18 Temmuz 2011 Pazartesi

Peki Ya Hayat Motivasyonunuz

Motivasyon kelimesi ne zaman girdi acaba hayatımıza? 15 sene önce duymuş muydum bu kelimeyi doğrusu fikrim yok... stres kelimesi gibi...

Çocukken stres yeni yeni duyulmaya başladı, tam telaffuz edemezdim ama söylemek çok karizmatik gelirdi olur olmaz yerde kullanırdım kendimi çok artistik hissederdim. 15 sene sonra başıma onca çorap öreceğini bilseydim bu kavramın, öğrenmemek için ömrümün bir kısmını feda edebilirdim, ah benim çocuk kalbim ;)

Motivasyon da bunun gibi işte, şimdi günde 5 defa söylemezsek işimiz rast gitmiyor.. motivasyonun düşük, ay benim motivasyon sıfır, adamın motivasyon sağlam bla bla bla...

Kurum içinde önemli bir kavram bunu zaten kabul ettik uzun zaman önce, biz IK'cıların da öncelikli görevlerinden biri motivasyonu yüksek tutmak, arttırıcı yeni faaliyetleri kuruma dahil etmek vs.

Peki bizler bireysel olarak yaşam motivasyonumuzu yüksek tutmak için ne yapıyoruz? Bu çok net ki motive edilemeye sadece çalıştığımız kurumda ihtiyaç duymuyoruz. Hayatın akışında da lazım bize...

Bir çok insan bunun farkında bile değil yaşam motivasyonu için hiç bir çabası yok hatta böyle bir kavramı düşünmemiş bile... Oysa ki düşündüğümüz zaman yapabileceğimiz, modumuzu yüksek tutabilmemizi sağlayacak bir çok olgu var hayatta karşımıza çıkan.

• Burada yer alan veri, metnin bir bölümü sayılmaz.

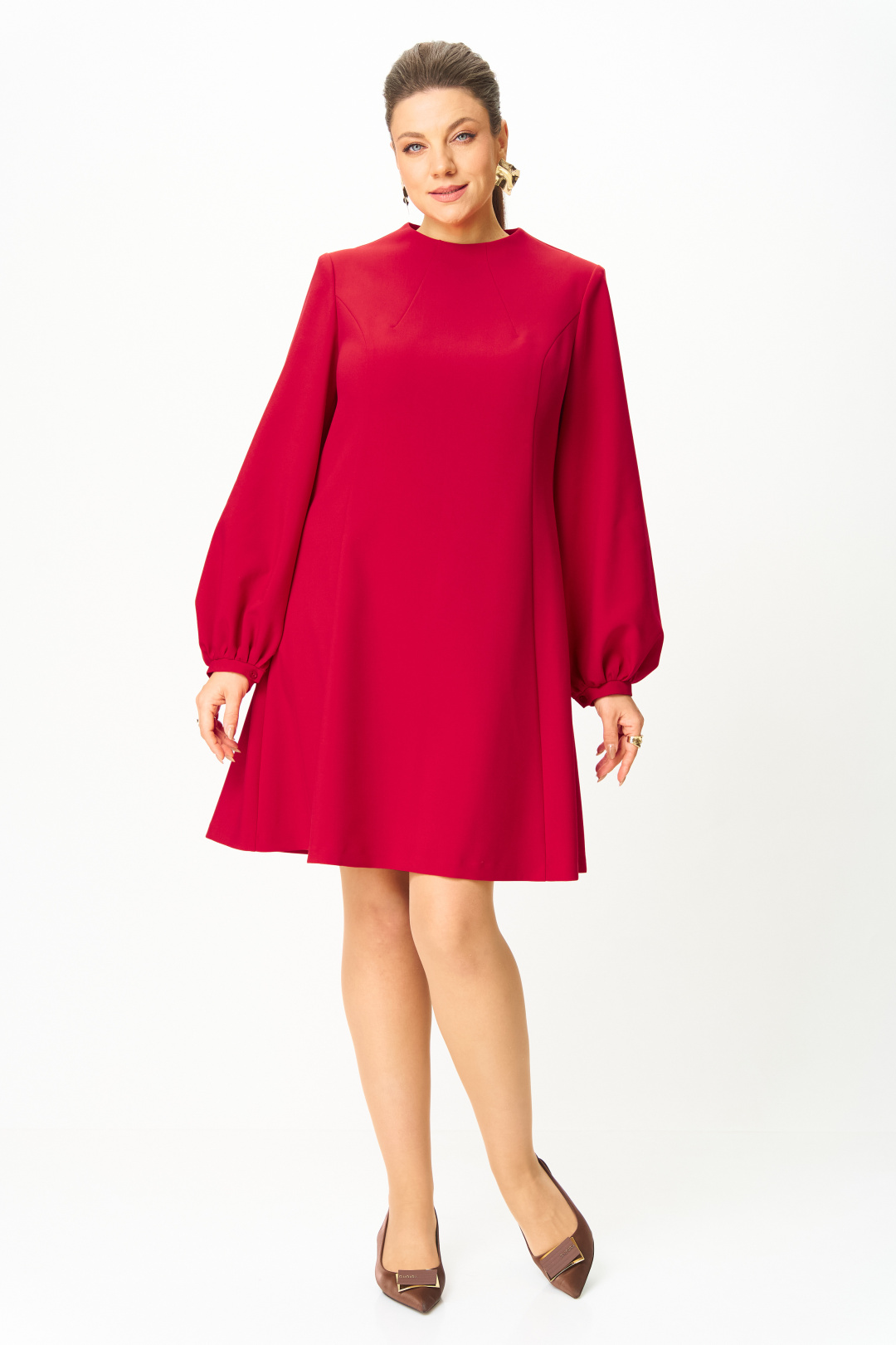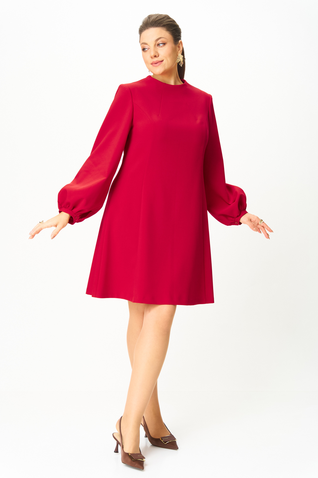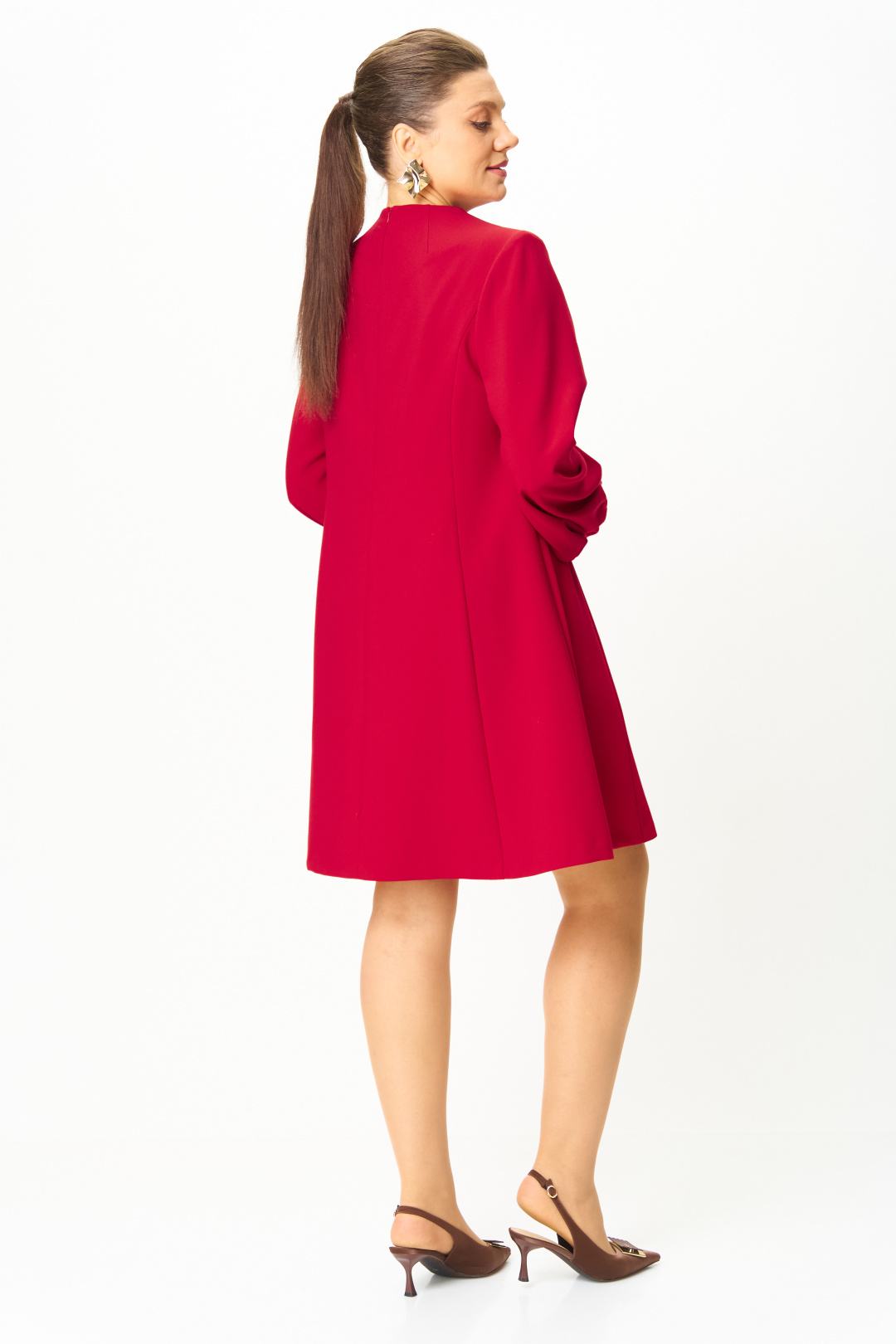 Платье «А» образного силуэта с рельефными швами по переду и спинке. Горловина круглая с цельновыкроенной стойкой. Застежка на тесьму молния в центральном шве спинки. Рукава втачные, со сборкой по низу, на узком манжете с застежкой на петлю и пуговицу.

Bir eğitimde ara verdiğimizde fikirlerine çok inandığım, güvendiğim ve saygı duyduğum sonrada arkadaş olmayı başardığım bir beyefendi bana, beni buralara getiren şey 'inancım ve hobilerim' dediğinde bu tanımlayı fazlaca sıradan bulmuştum. Ben bu iki kavramın o insanın ateist olduğunu öğrendikten sonra değerini kavradım. Bahsettiği inanç din ya da buna benzer bir şey değildi. Hayatını belli kalıplara sokmak değildi onu hayatta başarıya götüren o an anladım orada ki inancın kendine olan inanç olduğunu...
Peki ya hobilerim! Nasıl yani hobi dediğin olay insan hayatında bu kadar önemli olabilir miydi? Bunun üzerine ilk düşünmeye başladığımda tek hobim oradan buradan topladığım peçeteleri karton kutunun tekine tıkıştırmaktı (!) Benim neden hobim yoktu? Hiçbir şeye ilgim mi yoktu, aslında hayatımda eksik olan şeyin özel olarak ilgilendiğim bir hobimin olmayışı mıydı? Bunu düşünmeye
başladıktan sonra yaptığım ilk iş butik kurabiye yapmaya başlamak ve Fransızca öğrenmek oldu...

Hayatımın bundan sonra renklenmeye başladığını söylesem inanın abartmış olmam :)

İnanç ve hobilerim yaşam standardımı yükseltmeye başlayınca Hayat Motivasyonu kavramını soktum hayatıma... Şimdi bunları çeşitlendirerek hayat motivasyonumu katlamaya devam ediyorum.
Bu konuda son destekçim de Engin Gürkey oldu... Geçen hafta kayıt olduğum Engin Gürkey Müzik Atölyesi'nde perküsyon çalmaya başladım. Kulağım, ruhum, beynim eğitilirken, deli gibi kahkaha atıp şahane insanlarla, şahane zaman geçiriyorum. Zamanla bunu kuruma yayarak stres yönetimi workshopları olarak hayatımıza dahil edeceğim.
















Lütfen etrafınıza biraz bakın sizinde Hayat Motivasyonunuzu arttıracak şahane olguların var olduğunu ve bunlara karşı olan yüksek yeteneğinizi görünce çok şaşıracak ve kendinize olan sevgi,saygı ve inancınız tavan yapacak.